"I have a couple of errands to do," he said. "And then I'll come and collect the payment."
"We'll be glad to see you."
He hung up.
* * *
The elevator worked; they rode down three floors, stopped, the door opened. Franz Fieber stood outside. He got in. The elevator continued down. Franz Fieber stretched up and looked at the top of Rasper's head.
"Your head is split open," he said. "You've got a fractured skull."
Kasper gave Franz Fieber his other arm; they half carried him across the yard. He could hear blood dripping on the flagstones, a brittle, slightly ringing sound, very different from drops of water, because of the fluid's greater viscosity.
The moment they walked into the shadow of the outer wall, floodlights illuminated the yard. Through his feet he could feel many running steps. They opened the door and walked into the glass booth. The green admiral was still shaken. Kasper could hear that. But it was nothing compared to what he now became. He stared at Kasper, at the woman, recognized her, could not move. Kasper felt he needed to say a few words. When we have inconvenienced our fellow human beings, we can't leave them completely confused.
There are many people who believe they have bought a ticket to Gilbert and Sullivan in this life. And only when it's almost too late do they discover that existence is a piece of doomsday music by Schnittke instead.
"Aske didn't think the egg was big enough," Kasper said. "And you know his temper."
* * *
Out on the sidewalk Kasper let go of the woman's arm; she just stood there. He and Franz Fieber reached the van. The woman behind him hadn't moved.

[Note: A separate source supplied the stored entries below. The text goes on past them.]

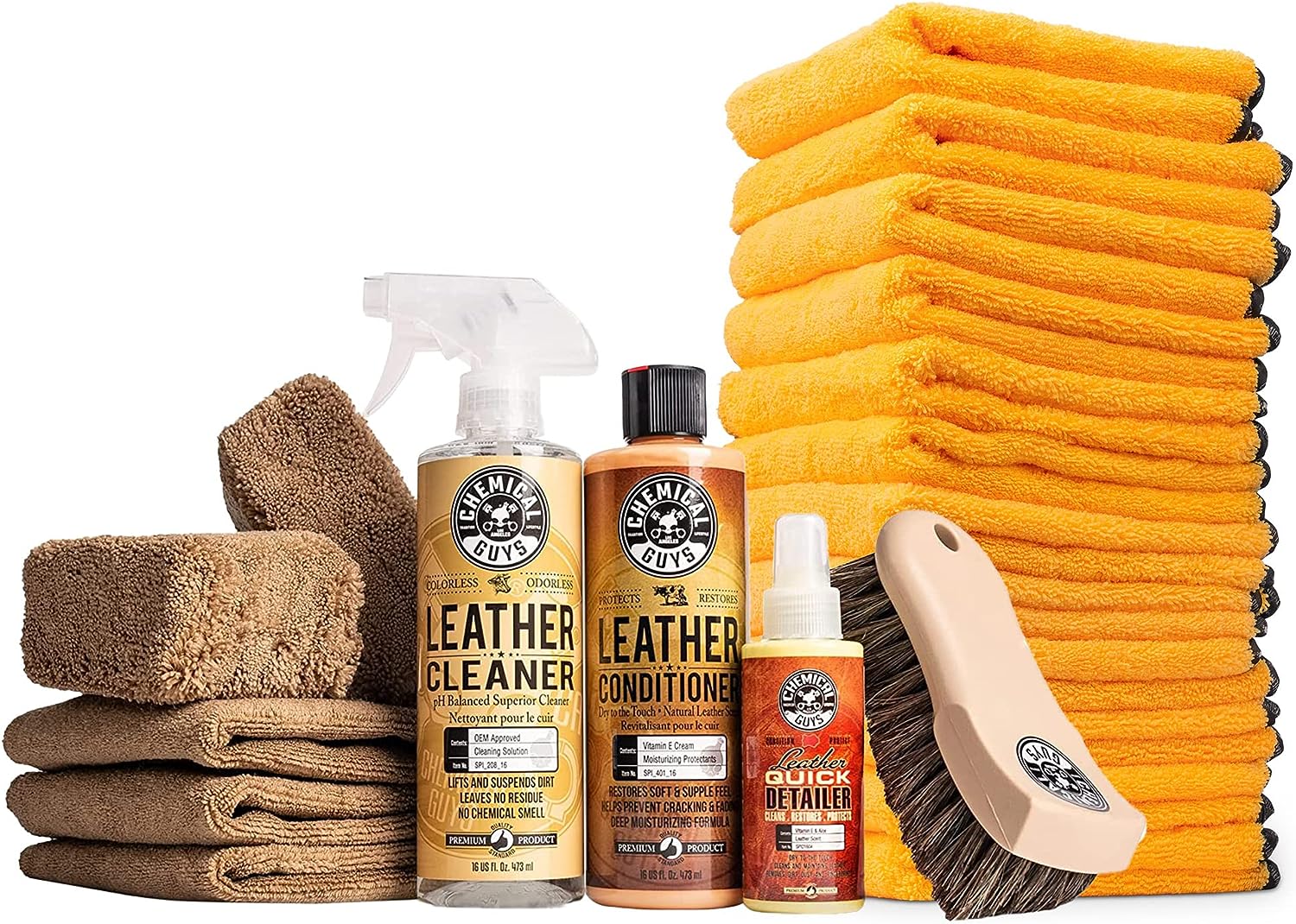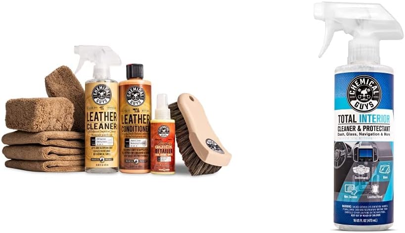 Chemical Guys HOL303 Leather Cleaner and Conditioner Detailing Kit, for Interiors, Leather, Apparel, Furniture, Boots, and More (Works on Natural, Synthetic, Pleather, Faux Leather and More), 9 Items
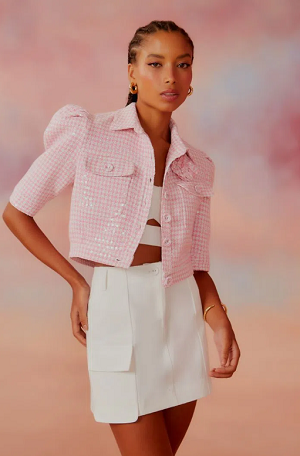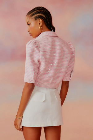 Cropped jacket with puffed sleeves and covered buttons. Pink worked tweed, all embroidered with mini sequin flowers. Flower brooch detail, can be worn with or without. Super sweet piece with super different fabric.
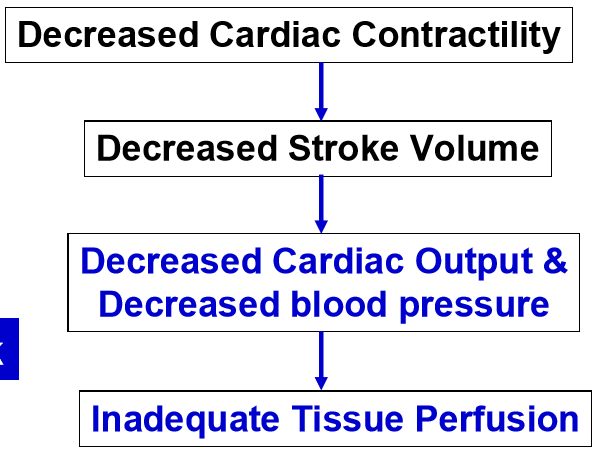 1) Reduced contratibility; decreases stoke volume so decreased CO; decreased BP; decreased coronary perfusion; cycle of ischaemia
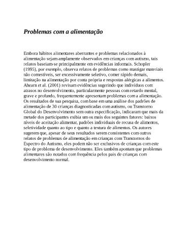 alimentação sejam amplamente observados em crianças com autismo, tais
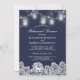 Mason Jar String Lights Lace Navy Rehearsal Dinner Invitation
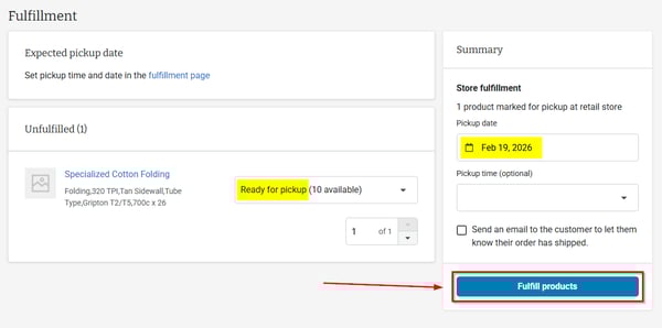 - For in-store pickup orders, select "Ready for pickup" in the drop-down menu, select the pickup date, and then click "Fulfill products".
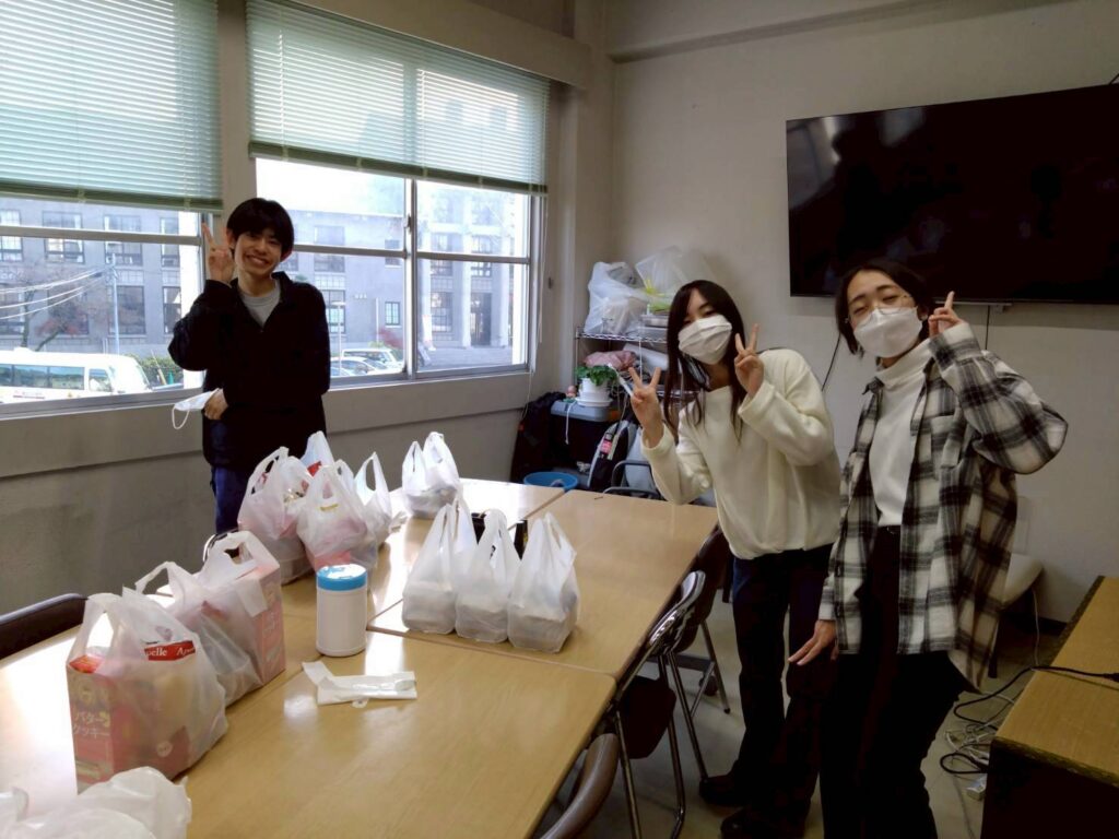 今回、おにぎりボランティアの活動を行いました。ボランティアセンターでおにぎりのお弁当をみんなで作り、花畑公園で支援を必要としている方々に配りました。お弁当を受け取った方々にも喜んでいただけました。ご参加いただき、ありがとうございました。
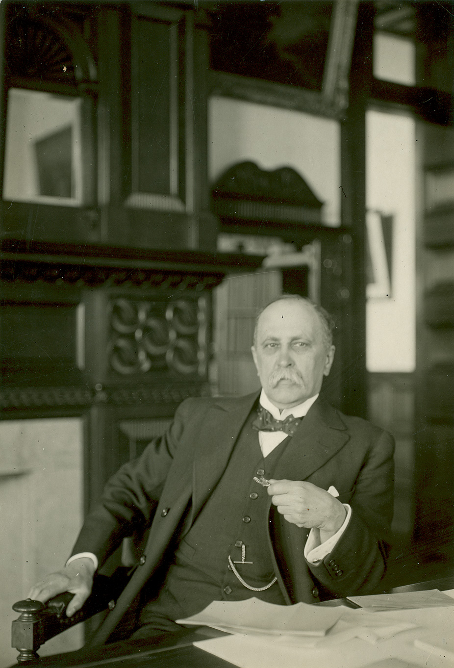 Description: William Osler at his desk at home, 13 Norham Gardens, Oxford. Osler was Regius Professor of Medicine at Oxford University from 1905 to his death in 1919.
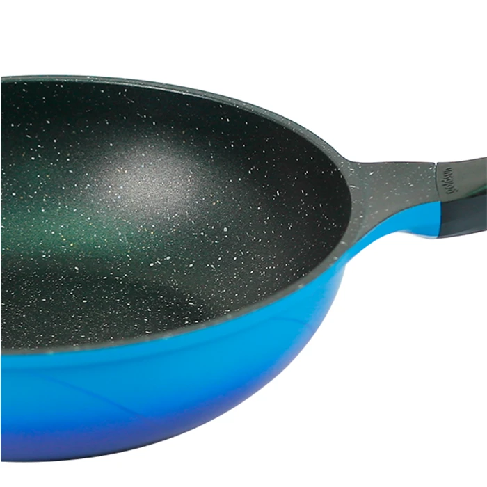 Lòng chảo sử dụng chất chống dính sumo cao cấp của Nhật an toàn cho sức khỏe, không chứa PFOA chịu được ở nhiệt độ cao, được thiết kế kiểu sâu lòng sử dụng để nấu các món xào như: xào rau, xào thịt.
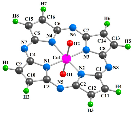 As is known, cobalt in its currently known chemical compounds can be in oxidation states from 0 up to V, wherein its highest oxidation state, namely IV and V, are uncharacteristic for the given element [1,2,3]. In particular, such compounds as CoO2 dioxide and cesium hexafluorocobaltate(IV) Cs2CoF6 [4,5], have been known for Co(IV) for a long time and for Co(V), sodium tetraoxocobaltates(V) Na3CoO4 and potassium K3CoO4 [6,7], and also a number of organometallic complexes [3,8,9,10]. An availability of Co(VI) was supposed in the matrix of cesium tetraoxoferrate(VI) (Cs2FeO4) as isomorphically replacing Fe(VI), and its identification was carried out by Mössbauer spectroscopy [11]; however, any compound with a stoichiometric chemical composition for a given oxidation state of cobalt was described neither in this work nor in other publications. By taking into account the theoretical considerations expressed in the introduction to the articles [12,13] devoted to Cu(IV) and Zn(IV) complexes with porphyrazine and its benzo-derivatives (in particular, trans-di[benzo]porphyrazine and tetra[benzo]porphyrazine) and one oxo ligand, we have every reason to believe that the given macrocyclic ligands in combination with two oxo ligands will also be able to form complexes with structural formulas [CoL1(O)2] (I), [CoL2(O)2] (II) and [CoL3(O)2] (III) (where L12−, L22− and L32− are double deprotonated forms of porphyrazine H2L1, trans-di[benzo]porphyrazine H2L2 and tetra[benzo]porphyrazine H2L3). These complexes are interesting in that, as it is easy to see from these formulas, in any of these complexes the cobalt atom is bonded to other atoms by eight chemical bonds, six of which are formed by the exchange mechanism (namely, two with each of two oxygen atoms and one with the each of two nitrogen atoms), and according to the generally accepted definition, the concept of “oxidation state”, the value of this parameter for a given atom of a 3d-element should be accepted equal to (+6). It should be specially noted that no mention of complexes of type I–III in the special literature devoted to (NNNN)-donor atomic macrocyclic ligands—porphyrins, porphyrazines and their derivatives [14,15,16,17,18,19,20,21,22], or anywhere else, could not be found. In this connection, the given article will be devoted to a theoretical analysis regarding the possibility of the existence in principle of such complexes with the use of modern methods of quantum chemistry, namely, the density functional theory (DFT) method.
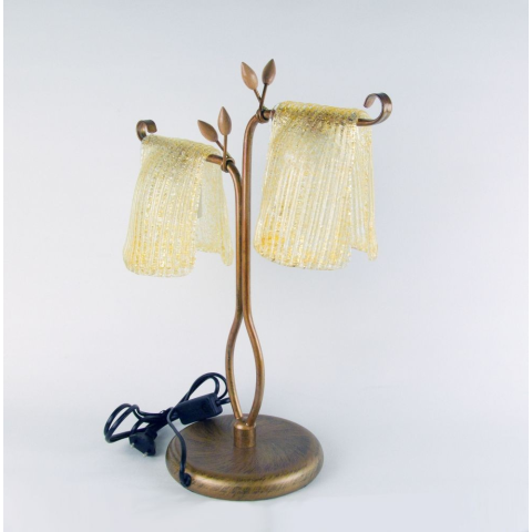 - 220-240V 50/60Hz - 2x E27 max 60W - Csipkézett üveg - Réz ötvözet állvány - Talp átmérője: 18 cm - Magassága: 45 cm - Szélessége: 37 cm
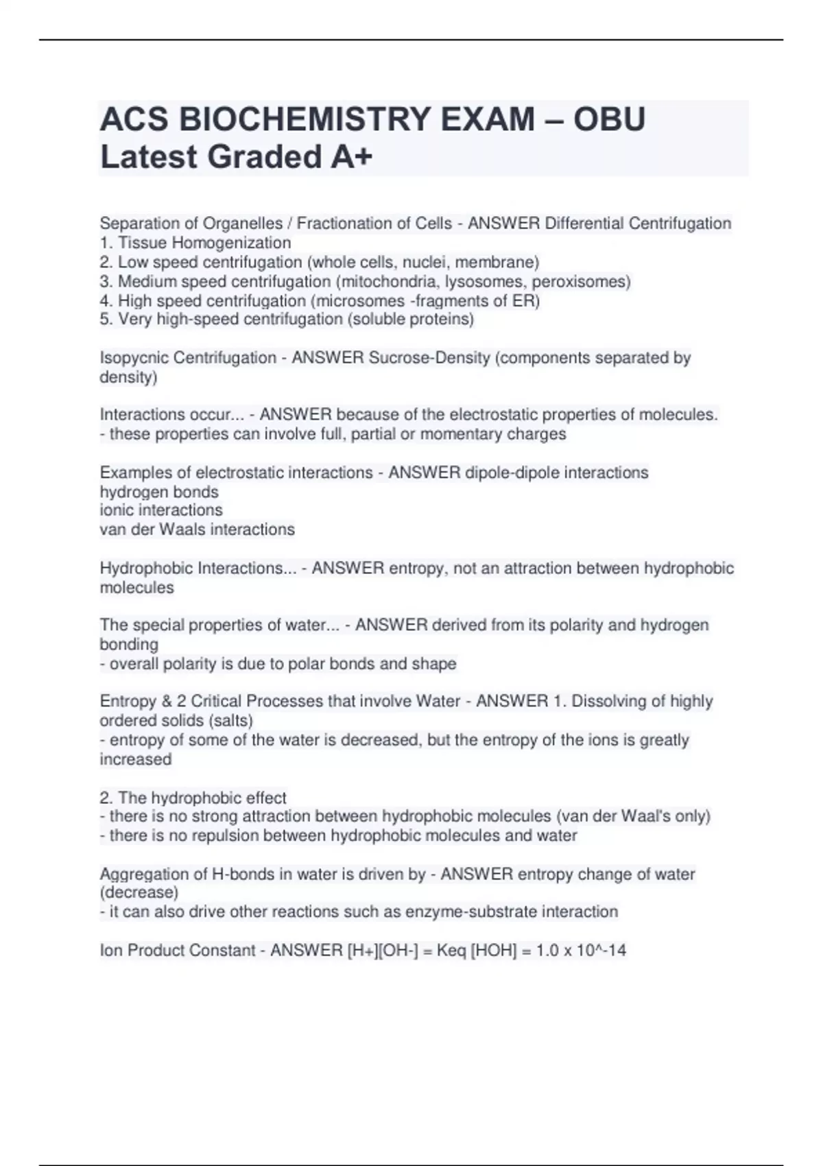 ACS BIOCHEMISTRY EXAM – OBU Questions and Answers Latest Graded A+
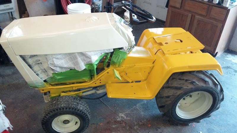 Well, it's coming along. Please bear in mind I am not a tractor guy and have never restored anything in my life. We have had this tractor at our camp since we bought it new and thought it would be nice to revive the old girl so we brought it home and are giving it a shot. As mentioned, the mechanicals were taken care of by the local dealer and we are handling the cosmetic end. Paint is pretty much done and decals should be going on tonight.
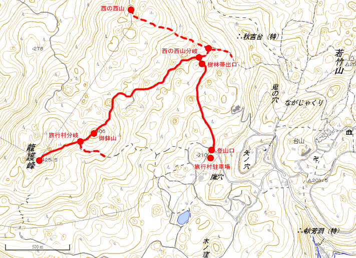 旅行村の中を突っ切って登り、北周りで周回する予定でしたが、
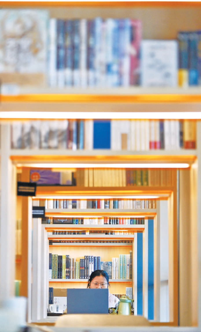 讀者在聯(lián)合書(shū)店·紫荊文化閱讀館里的書(shū)架間自習(xí)。北京日?qǐng)?bào)記者 程功攝
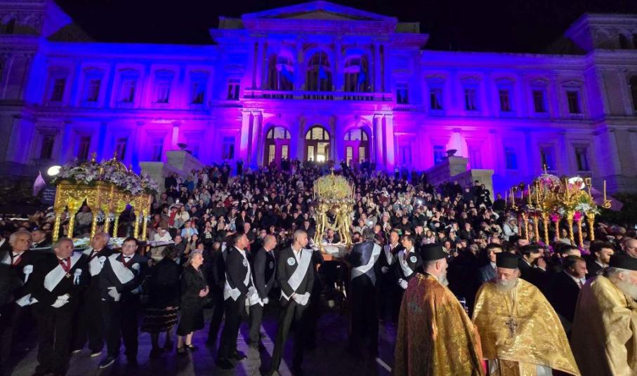 Σύρος: Με ευλάβεια και κατάνυξη η περιφορά των Επιταφίων στην Ερμούπολη

Kasper managed to get up into the front seat.
"We're going to take a ring road," he said.
"You're bleeding to death," said Franz Fieber.
"All bleeding from the veins can be stopped. With gentle but firm pressure maintained for ten minutes."
"You've got only two hands."
At the end of Sundkrog Street they turned north. The lights all blurred together before Kasper's eyes. Franz Fieber made a U-turn; Kasper was thrown against the door.
"A police blockade," said the young man.
They drove along Strand Boulevard. Continued along Jagt Road. Kasper found a stack of linen. He folded cloth napkins like a compress. Tried to tie them on his head with tea towels. As fast as he applied them they got soaked with blood. He was beginning to run a fever. The young man beside him started to cry.
That was the trouble with apprenticeships. When the master lights the afterburner the student may get flattened. Just look at the Bach sons. None of them ever rose to their father's level. And think of Jung. He could never completely wipe away the footprints after Freud had walked all over him.
"Both children are alive," said Kasper.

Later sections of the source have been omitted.